6. What about FERPA & HIPPA?

– Law setup to protect student and parent privacy.
– Revised 2009 and 2011. Strengthened? No. In the 2011 revision, at least 11 different “circumstances” that student information could be shared without parental knowledge or consent were revised or added.
– Not revised through votes. Executive order.
– FERPA appended in 2011: § 99.3 to define the term ‘‘education program’’ as “any program principally engaged in the provision of education.” That is the open door for education companies to gain access to student data.
– Many lawyers still debating the impact of the recent changes.
– After revisions, FERPA does not require that PII be stored within the US (think cloud based system with servers housed off shore). Read more here. NY’s contract with inBloom specifically states data must be stored within USA. How is this verified and who is consistently checking for compliance?
– The 2011 revisions to FERPA include: “The amendments add §99.31(a)(6)(ii) to clarify that FERPA does not preclude FERPA-permitted entities with access to PII from entering into written agreements with organizations conducting studies and redisclosing PII on behalf of the educational agencies and institutions (e.g., school districts and postsecondary institutions) that disclosed the information to the FERPA-permitted entities. In the Preamble to the final regulations, ED clarified that the redisclosure of PII under §99.31(a)(6)(ii) does not require the consent of the educational agencies and institutions that disclosed the PII to the FERPA-permitted entities.”  More on this here
– Districts have to make annual FERPA notice disclosure and let parents opt-out of student directory info from being shared.
– The understanding I have is that schools are not obligated to follow HIPPA restrictions because the health records are really “educational” records so FEERPA applies. I am not completely clear on this and have been trying to figure out the details as found here.

7. Now what?

– New lawsuit from NYC hearing date in late November (moved to Jan 2014) stipulates storing the data violates 1984 Personal Privacy Protection Law. Read more here and here.
– Sample questions to ask your district are below. ASK Qs, ASK Qs, ASK Qs, then question the answers, research, and ask more.
– NYS possible legislation on this issue (see big list of all education related legislation I could find here)
* Senator Flanagan’s Summary “Assessing the NYS Regents Reform Agenda” (here): Delay operation of the education data portal for one year and a new student privacy bill. Does it go far enough? No. Doesn’t question the volume of data being collected.
* NY Senate: Senator Martins S.5930, Senator Robach S.5932, Denator Flanagan S.6007
* NY Assembly: Assemblywoman Nolan A7872A, Assemblyman O’Donnell A6059A
– Work with privacy advocacy groups to identify problems beforehand. My duh moment. As far as I can tell, this did not happen at the NYSED level.
– When inBloom launched in the spring of 2013, there were 9 states involved. Now, Jan 2014, no other state is left all-in. So why bother? Transfer student records? Can’t be possible if fewer and fewer participate.
– So here’s the kicker with the state tests … where’s the data? No one outside of NYSED sees more than just the score. Why?
– We have to start taking a serious look at data collection and figure out what is needed and what isn’t. Is data being used to drive instruction? How? Has it worked or not?  PROVE IT!
– If there are graduation problems in certain areas or districts, why not collect data in just those areas? Why collect so much, so quickly on ALL public school NY children?
– Where was this massive data collection, storage, mining piloted? What were the results?
– Where is the state’s public hearing on the P-20 Project? Where is the open discussion of this?
– Where is the state oversight on this issue moving forward? Where is district oversight? Where is the annual security report? The implementation report? The ROI report? Who monitors inBloom and verifies they are in compliance with FERPA and other state laws?
– Look at the recently passed legislation in Oklahoma as example of something that can be adjusted (here) and (here)

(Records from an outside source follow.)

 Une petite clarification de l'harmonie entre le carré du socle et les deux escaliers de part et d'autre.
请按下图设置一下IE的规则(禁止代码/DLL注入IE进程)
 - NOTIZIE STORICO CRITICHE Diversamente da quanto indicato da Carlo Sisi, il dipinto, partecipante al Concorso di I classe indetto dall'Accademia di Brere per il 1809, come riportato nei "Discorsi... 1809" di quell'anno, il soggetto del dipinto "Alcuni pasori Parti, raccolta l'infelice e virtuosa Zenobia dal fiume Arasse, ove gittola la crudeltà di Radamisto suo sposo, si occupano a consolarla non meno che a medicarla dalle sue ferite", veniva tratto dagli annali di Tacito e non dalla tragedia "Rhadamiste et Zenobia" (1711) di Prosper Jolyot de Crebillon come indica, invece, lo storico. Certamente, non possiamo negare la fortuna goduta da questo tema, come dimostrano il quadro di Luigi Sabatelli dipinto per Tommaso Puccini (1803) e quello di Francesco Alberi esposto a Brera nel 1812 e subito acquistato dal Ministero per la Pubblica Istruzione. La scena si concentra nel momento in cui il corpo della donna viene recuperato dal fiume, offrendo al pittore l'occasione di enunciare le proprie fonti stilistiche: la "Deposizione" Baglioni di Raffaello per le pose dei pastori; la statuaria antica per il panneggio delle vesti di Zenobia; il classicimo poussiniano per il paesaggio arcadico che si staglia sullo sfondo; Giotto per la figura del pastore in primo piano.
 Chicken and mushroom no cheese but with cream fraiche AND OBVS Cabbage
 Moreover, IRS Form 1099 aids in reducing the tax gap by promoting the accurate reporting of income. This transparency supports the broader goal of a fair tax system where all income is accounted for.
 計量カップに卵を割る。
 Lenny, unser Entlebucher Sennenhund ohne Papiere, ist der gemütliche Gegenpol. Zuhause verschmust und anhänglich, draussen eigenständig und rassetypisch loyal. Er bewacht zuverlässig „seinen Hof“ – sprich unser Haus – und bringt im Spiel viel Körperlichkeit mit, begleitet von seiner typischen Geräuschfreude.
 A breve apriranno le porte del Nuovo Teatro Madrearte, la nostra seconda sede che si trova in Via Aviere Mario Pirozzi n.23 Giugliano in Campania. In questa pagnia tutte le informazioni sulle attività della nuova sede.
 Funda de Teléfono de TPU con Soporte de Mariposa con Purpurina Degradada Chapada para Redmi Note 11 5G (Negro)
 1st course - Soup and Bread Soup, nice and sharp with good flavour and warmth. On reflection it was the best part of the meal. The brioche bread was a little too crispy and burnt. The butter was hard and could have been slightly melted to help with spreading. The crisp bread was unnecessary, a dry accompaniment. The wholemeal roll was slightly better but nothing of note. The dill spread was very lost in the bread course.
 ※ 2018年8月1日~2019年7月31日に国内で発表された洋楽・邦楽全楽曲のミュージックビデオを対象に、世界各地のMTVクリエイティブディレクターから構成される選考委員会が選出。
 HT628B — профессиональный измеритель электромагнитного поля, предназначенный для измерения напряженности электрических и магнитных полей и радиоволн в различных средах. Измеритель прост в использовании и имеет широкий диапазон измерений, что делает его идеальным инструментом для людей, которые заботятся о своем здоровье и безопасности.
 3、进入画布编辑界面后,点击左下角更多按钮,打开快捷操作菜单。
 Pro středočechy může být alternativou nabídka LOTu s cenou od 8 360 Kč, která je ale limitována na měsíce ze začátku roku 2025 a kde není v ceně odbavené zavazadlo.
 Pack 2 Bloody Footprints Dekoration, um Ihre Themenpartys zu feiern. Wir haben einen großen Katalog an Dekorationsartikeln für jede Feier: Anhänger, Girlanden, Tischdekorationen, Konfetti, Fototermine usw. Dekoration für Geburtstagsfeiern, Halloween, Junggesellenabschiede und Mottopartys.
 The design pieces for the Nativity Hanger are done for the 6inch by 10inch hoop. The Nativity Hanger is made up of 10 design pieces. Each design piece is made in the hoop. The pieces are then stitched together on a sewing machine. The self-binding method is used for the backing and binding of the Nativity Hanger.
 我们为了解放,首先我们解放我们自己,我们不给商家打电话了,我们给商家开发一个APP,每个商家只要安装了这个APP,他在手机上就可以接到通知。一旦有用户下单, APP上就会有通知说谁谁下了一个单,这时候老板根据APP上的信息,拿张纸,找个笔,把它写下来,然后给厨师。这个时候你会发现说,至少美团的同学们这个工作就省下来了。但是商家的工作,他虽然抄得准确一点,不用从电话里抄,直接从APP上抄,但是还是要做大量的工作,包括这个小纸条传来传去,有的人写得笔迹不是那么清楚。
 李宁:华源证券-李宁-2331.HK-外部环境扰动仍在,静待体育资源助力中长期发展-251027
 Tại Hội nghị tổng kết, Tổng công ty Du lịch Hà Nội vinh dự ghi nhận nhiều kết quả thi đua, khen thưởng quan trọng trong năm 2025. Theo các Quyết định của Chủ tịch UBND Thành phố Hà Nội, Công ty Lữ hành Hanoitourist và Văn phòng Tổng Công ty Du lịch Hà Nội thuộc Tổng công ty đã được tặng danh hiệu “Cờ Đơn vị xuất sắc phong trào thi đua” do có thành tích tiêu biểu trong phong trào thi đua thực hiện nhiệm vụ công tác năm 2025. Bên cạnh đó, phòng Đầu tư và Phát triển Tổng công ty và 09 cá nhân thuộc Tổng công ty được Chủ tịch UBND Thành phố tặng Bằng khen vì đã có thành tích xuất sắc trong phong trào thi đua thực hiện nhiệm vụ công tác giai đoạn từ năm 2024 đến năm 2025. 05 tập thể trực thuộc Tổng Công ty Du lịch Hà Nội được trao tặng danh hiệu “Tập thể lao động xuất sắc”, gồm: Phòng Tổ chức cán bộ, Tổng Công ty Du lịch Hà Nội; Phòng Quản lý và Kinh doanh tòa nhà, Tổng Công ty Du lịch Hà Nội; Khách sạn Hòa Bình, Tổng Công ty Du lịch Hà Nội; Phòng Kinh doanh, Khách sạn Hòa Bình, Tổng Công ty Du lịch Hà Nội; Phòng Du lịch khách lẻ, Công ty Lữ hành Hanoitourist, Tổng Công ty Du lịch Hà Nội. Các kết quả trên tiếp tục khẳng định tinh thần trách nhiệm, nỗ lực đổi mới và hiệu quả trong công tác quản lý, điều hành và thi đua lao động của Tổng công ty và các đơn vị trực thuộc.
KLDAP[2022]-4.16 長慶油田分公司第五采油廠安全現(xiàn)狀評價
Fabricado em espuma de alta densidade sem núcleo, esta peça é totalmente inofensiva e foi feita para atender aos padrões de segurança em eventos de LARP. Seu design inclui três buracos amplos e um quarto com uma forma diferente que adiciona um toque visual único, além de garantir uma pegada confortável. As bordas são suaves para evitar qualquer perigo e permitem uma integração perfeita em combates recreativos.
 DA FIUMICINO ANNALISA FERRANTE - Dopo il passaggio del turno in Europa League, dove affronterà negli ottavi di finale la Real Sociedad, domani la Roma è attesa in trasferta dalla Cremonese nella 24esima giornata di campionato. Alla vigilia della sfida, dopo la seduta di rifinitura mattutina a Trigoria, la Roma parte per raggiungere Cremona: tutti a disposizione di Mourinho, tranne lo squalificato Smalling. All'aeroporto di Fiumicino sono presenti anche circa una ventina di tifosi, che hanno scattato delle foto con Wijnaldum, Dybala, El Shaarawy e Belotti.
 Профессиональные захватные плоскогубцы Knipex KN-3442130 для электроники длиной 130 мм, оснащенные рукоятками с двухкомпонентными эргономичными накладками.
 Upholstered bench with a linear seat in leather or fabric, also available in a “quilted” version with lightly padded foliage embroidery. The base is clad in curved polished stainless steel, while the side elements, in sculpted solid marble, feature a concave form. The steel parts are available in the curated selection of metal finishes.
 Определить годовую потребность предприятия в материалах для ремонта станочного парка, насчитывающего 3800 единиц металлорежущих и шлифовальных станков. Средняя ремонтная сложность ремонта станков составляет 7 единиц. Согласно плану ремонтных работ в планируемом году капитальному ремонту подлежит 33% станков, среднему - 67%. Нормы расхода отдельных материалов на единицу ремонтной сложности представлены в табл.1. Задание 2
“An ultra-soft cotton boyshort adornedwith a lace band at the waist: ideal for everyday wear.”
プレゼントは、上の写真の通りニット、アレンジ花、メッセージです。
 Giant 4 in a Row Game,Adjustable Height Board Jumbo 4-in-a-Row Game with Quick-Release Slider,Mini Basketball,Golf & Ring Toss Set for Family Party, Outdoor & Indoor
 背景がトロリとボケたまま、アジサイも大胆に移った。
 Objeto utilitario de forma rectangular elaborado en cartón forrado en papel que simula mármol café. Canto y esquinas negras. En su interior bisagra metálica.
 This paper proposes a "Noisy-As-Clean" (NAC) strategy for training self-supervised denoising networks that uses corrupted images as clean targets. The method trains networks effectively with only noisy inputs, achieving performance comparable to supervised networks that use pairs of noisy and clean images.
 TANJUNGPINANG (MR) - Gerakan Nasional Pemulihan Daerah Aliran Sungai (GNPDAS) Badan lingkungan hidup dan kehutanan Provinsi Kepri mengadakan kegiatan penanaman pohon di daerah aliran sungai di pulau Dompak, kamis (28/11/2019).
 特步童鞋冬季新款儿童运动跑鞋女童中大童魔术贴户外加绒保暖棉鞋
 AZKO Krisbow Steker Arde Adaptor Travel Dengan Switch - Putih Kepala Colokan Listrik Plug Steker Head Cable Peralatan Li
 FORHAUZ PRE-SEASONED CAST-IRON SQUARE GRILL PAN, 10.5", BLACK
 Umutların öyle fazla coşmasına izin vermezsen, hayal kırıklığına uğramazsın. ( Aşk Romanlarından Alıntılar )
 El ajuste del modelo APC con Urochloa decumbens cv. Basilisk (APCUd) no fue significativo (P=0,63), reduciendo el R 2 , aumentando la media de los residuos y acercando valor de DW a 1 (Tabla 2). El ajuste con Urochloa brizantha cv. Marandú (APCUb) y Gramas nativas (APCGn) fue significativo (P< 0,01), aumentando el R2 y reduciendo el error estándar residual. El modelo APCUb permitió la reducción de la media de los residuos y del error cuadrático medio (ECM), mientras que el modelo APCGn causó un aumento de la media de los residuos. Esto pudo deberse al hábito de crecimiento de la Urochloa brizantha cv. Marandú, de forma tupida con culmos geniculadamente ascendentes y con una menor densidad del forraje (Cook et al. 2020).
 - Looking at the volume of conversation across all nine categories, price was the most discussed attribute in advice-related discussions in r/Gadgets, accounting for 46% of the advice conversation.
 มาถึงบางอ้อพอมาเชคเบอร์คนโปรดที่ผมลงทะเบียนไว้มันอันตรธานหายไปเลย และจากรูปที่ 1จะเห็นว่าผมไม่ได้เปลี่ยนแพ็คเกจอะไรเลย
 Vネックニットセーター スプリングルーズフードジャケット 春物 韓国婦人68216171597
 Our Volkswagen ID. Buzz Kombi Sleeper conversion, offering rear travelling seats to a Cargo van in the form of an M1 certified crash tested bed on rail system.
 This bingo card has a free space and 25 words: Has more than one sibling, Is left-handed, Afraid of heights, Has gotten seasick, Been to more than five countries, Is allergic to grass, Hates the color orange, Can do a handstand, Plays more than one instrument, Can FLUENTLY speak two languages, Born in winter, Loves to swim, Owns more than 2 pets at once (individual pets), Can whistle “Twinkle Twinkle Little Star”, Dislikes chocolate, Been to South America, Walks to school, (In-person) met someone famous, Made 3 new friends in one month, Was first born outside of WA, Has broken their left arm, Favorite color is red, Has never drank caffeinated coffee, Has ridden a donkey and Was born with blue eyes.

* Teachers and principals are spending an inordinate amount of time gathering data to be input into systems for others outside their school system, to evaluate and use as basis for decisions. In-seat attendance time now being tracked. Why?

* Parents have no idea the volume of data being collected and analyzed. Until I get answers from either local or state officials as to what specifically they are collecting, I will fight the collection of such sensitive data points. There hasn’t been one education official who has been completely open and honest about this and that tells me something. It tells me they are hiding information from parents and the public for a reason.

– (here)
– Potential inBloom data fields (here)
– Actual USDOE web page listing the RTtT details summarized in my post (here)
– Why We Refused post (here)
– Hudson Valley inBloom preso here and Q&A here (fantastic read, both of them)
– NYSED Data Dictionary 2013-14/2014-15 (here) (here) (here)


Here are questions to ask your local school districts about data collection, storage, and mining:
1. Which data dashboard system has the District decided to use?
2. What was that rationale for choosing the particular system? What were the reasons for not choosing one of the other systems?
3. Is there a list of questions and answers the District presented to each vendor before selection? Can the school community see such information?
4. How will our students’ privacy be protected?
5. What data information is required vs what’s optional?
6. How long will this product be free for districts? How much will the cost be after that time period?
7. What are the long term plans for sharing this student data? How long does the state plan to hold on to it? With whom will they allow it to be shared? How do parents see what was shared, or will be shared? How will corrections be made?
8. Can District parents and students “opt out” of the collection and storage of personal information in education databases associated with the state’s implementation and/or requirements of the federal RttT program? If so, what is the process? If not, why not?
9. What exact data has been shared with the NY State Education Department or officials last year and this year and what are the plans for next year?
10. Has the District put any limitations on the type of data that you will collect in the future?
11. What safeguards has the District placed on both the electronic student data it stores as well as any and all paper based documents?
12. Is the District aware of any NY State data collection and transmission requirements that were implemented for this current, or the next, school year? Are there any new pieces of data (referred to as data points) that the District plans, or is required, to send to State database(s)? Can you elaborate in any detail on the specifics of this new state data initiative?
13. Has the district contacted any NYSED official to discuss data collection, storage, mining? If so, what was asked and what were the responses?
14. What is you understanding of how the inBloom system will work? How will this benefit our district?
15. Who is liable for a data breach of district information stored with inBloom, or used by a third party vendor through inBloom?
16. With whom does the state share [insert district name here] data? With what state agencies? With what third party vendors now and in the future? How will that be tracked and how will parents be notified? What is the educational purpose of sharing the data with other state agencies, if that is taking place, and with various third party vendors? Who approves those contracts? Do the [insert district name here] attorneys get to review those contracts?
17. How long does the state plan to hold data on [insert district name here] students? Until graduation? Through college? For life? What happens to the data of a student who leaves the district? Of a family who leaves the district?
18. Did [insert district name here] offer up to NYSED the ability to voluntarily share student data with vendors necessary for state use of the data, but not necessarily district use?
19. What specific data does [insert district name here] send to NYSED and how is it transmitted? Literally spell out the fields for everyone to see (much like is now law in Oklahoma.) That should be easy to do since a student, teacher, principal record can easily be extracted to see fields and personally identifiable information (Pii) stripped from the records. This would be any and all data sent under various portals, systems, spreadsheets, and reporting mechanisms.
20. What new data fields is [insert district name here] required to send this year and next? What new data elements is the state collecting specifically as a result of using inBloom or because of the technological capability that inBloom provides? What about in the future?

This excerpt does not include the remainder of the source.